Methods: GWAS data for TL and 11 HDs were extracted from the database. The R software package “TwoSampleMR” was employed to conduct a two-sample Mendelian randomization (MR) analysis, in order to estimate the influence of TL changes on the risk of developing the 11 HDs.
Results: We examined the effect of TL changes on the risk of developing the 11 HDs.
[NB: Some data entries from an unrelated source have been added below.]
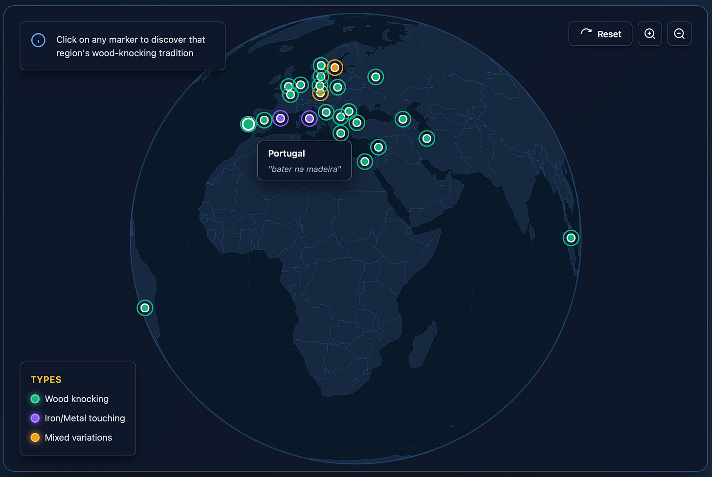 This is where historical data visualizations — of the type Claude Code can now produce on cue — can come in handy. I downloaded a scientific paper about knocking on wood along with the crowd-sourced Wikipedia list, then provided it to Claude Code and asked it to plot the data on a three.js globe. Here’s the interactive version and the GitHub page.
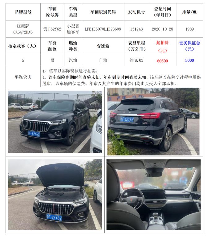 拍品編號1:紅旗牌CA6472HA6小型普通客車1輛
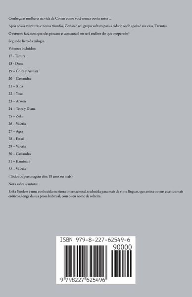 Conheça as mulheres na vida de Conan como você nunca ouviu antes ... Após novas aventuras e novos triunfos, Conan e seu grupo voltam para a cidade onde agora é sua casa, Tarantia. O retorno fará com que eles percam as aventuras? ou será melhor do que o esperado? Segundo livro da trilogia. Volumes incluídos: 17 - Tamira 18 - Onna 19 - Ghita y Armati 20 - Cassandra 21 - Xina 22 - Yosei 23 - Arwen 24 - Tetra y Diana 25 - Zula 26 - Valeria 27 - Agra 28 - Estari 29 - Valeria 30 - Cassandra 31 - Kaminari 32 - Valeria (Todos os personagens têm 18 anos ou mais) Nota sobre a autora: Erika Sanders é uma conhecida escritora internacional, traduzida para mais de vinte línguas, que assina os seus escritos mais eróticos, longe da sua prosa habitual, com o seu nome de solteira.

The IVW results revealed a significant causal association between genetically predicted longer TL and the risk of developing acute lymphocytic leukemia (ALL), acute myeloid leukemia (AML), chronic lymphocytic leukemia (CLL), mantle cell lymphoma (MANTLE), and hodgkin lymphoma (HODGKIN). However, there was no significant causal relationship observed between TL changes and the risk of developing chronic myeloid leukemia (CML), diffuse large b-cell lymphoma (DLBCL), marginal zone b-cell lymphoma (MARGINAL), follicular lymphoma (FOLLICULAR), monocytic leukemia (MONOCYTIC), and mature T/NK-cell lymphomas (TNK).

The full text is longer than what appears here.